• [Prompt] Your answer should be only the lines below from the one with "今日2月4日の給食は「ごはん" to the one with "Golf balls with", repeated exactly, ends included.

*** The data

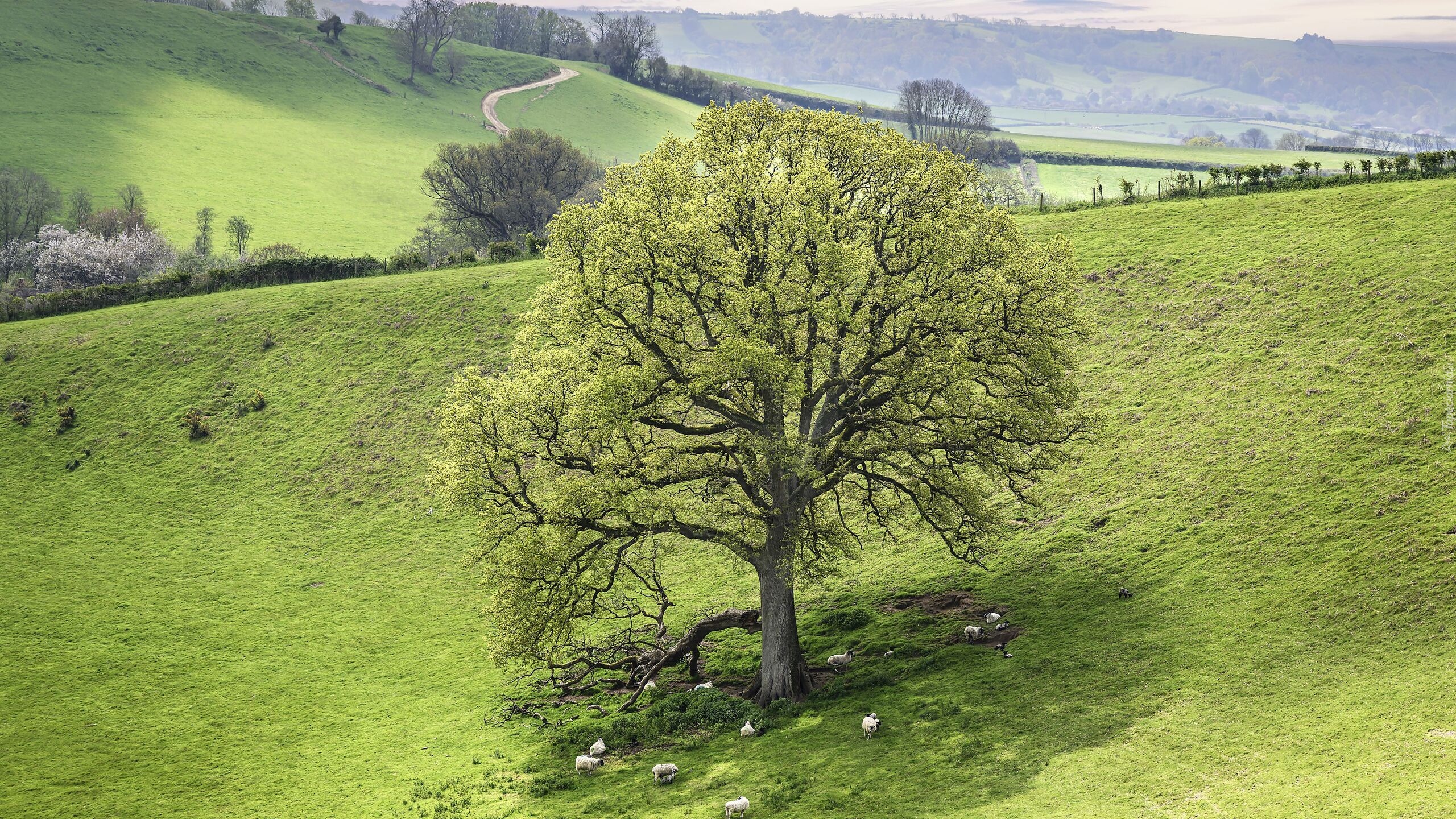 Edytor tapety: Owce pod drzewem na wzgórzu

******
*** The data

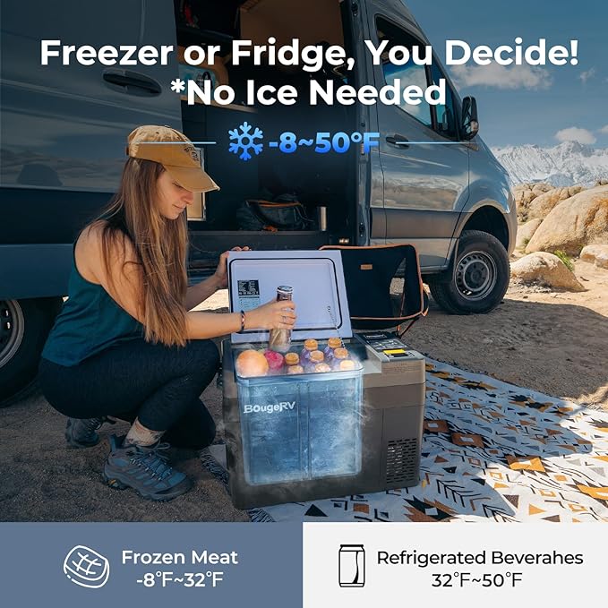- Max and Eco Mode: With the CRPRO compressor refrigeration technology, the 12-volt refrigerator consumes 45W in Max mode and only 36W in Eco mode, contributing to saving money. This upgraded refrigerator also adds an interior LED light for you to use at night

******
*** The data

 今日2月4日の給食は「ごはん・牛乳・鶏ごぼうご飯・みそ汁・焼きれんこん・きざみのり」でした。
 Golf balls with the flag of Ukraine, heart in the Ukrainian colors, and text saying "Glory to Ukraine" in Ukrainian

******

• [Response]
 今日2月4日の給食は「ごはん・牛乳・鶏ごぼうご飯・みそ汁・焼きれんこん・きざみのり」でした。
 Golf balls with the flag of Ukraine, heart in the Ukrainian colors, and text saying "Glory to Ukraine" in Ukrainian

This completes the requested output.